Expression of IL-17 and its gene promoter methylation status are associated with the progression of chronic hepatitis B virus infection.
To explore interleukin-17 (IL-17) and its epigenetic regulation during the progression of chronic hepatitis B virus (HBV) infection.
A total of 162 patients with chronic HBV infection, including 75 with chronic hepatitis B (CHB), 54 with hepatitis B-associated liver cirrhosis and 33 with hepatitis B-associated hepatocellular carcinoma (HBV-HCC), were enrolled in this study. Thirty healthy adults of the same ethnicity were enrolled in the control group. Whole venous blood was obtained from the patients and normal controls (n = 30). Clinical and laboratory parameters were assessed, and we performed enzyme-linked immunosorbent assay and quantitative real-time PCR to measure the serum levels and relative mRNA expression of IL-17, respectively. IL-17 promoter methylation in peripheral blood mononuclear cells was assessed by methylation-specific PCR. We analyzed the serum and mRNA levels of IL-17 and IL-17 promoter methylation in the 4 groups as well as the effect of methylation on serum IL-17 levels. Correlations between the IL-17 promoter methylation status and clinical parameters were analyzed by Spearman correlation analysis.

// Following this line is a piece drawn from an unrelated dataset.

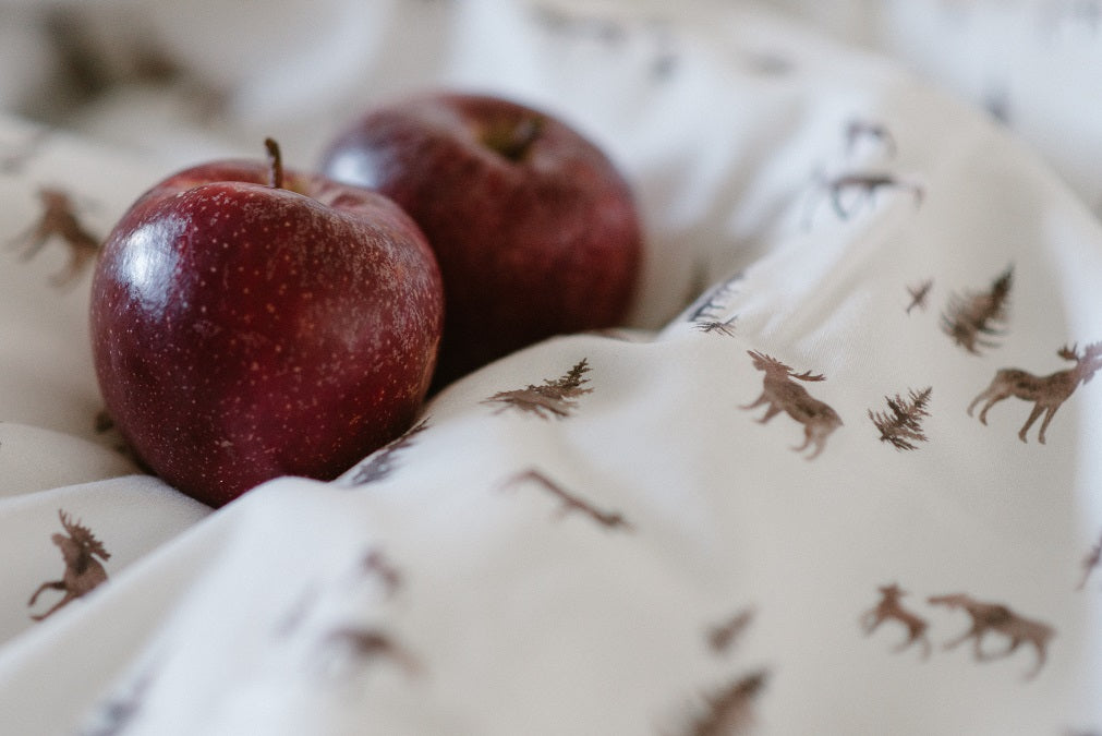 Children's bedding set of 100% sateen-woven cotton with a lovely hand-painted print MOOSE.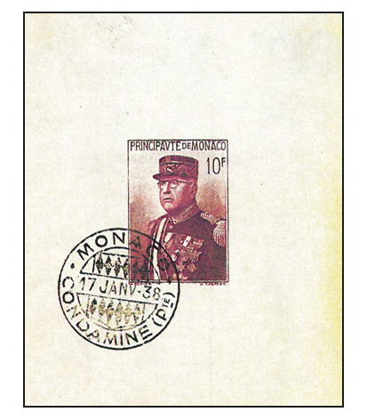 Une présentation très spéciale à ajouter aux deux tirages usuels (papier blanc épais et papier gris mince) et aux épreuves de luxe. Car c’est ce bloc « Louis II » qui a inauguré, pour la France, Monaco et l’Union française, la longue lignée des oblitérations grand format Illustrées. Trois cachets utilisés : Monaco, Monte-Carlo et Monaco Condamine. Le troisième (reproduit ici) est le plus rare.

Compared to the normal control group, the patient groups exhibited significantly higher serum and relative mRNA levels of IL-17. The methylation distribution among the patients was significantly lower than that among the normal controls (P < .05), with the HBV-HCC group showing the lowest IL-17 gene methylation frequency. The average IL-17 promoter CG methylation level was negatively correlated with IL-17 mRNA expression (r = −0.39, P = .03), and negative correlations between IL-17 promoter methylation and prothrombin time activity (r = −0.585, P = .035), alanine aminotransferase (r = −0.522, P < .01), aspartate aminotransferase (r = −0.315, P < .05), and the model for end-stage liver disease score (r = −0.461, P < .05) were observed. IL-17 serum levels in the methylated-promoter groups were significantly lower than those in the unmethylated-promoter groups.
IL-17 expression and promoter methylation were associated with chronic HBV infection progression, especially in the HBV-HCC group. The IL-17 promoter status may help clinicians initiate the correct treatment strategy at the CHB stage.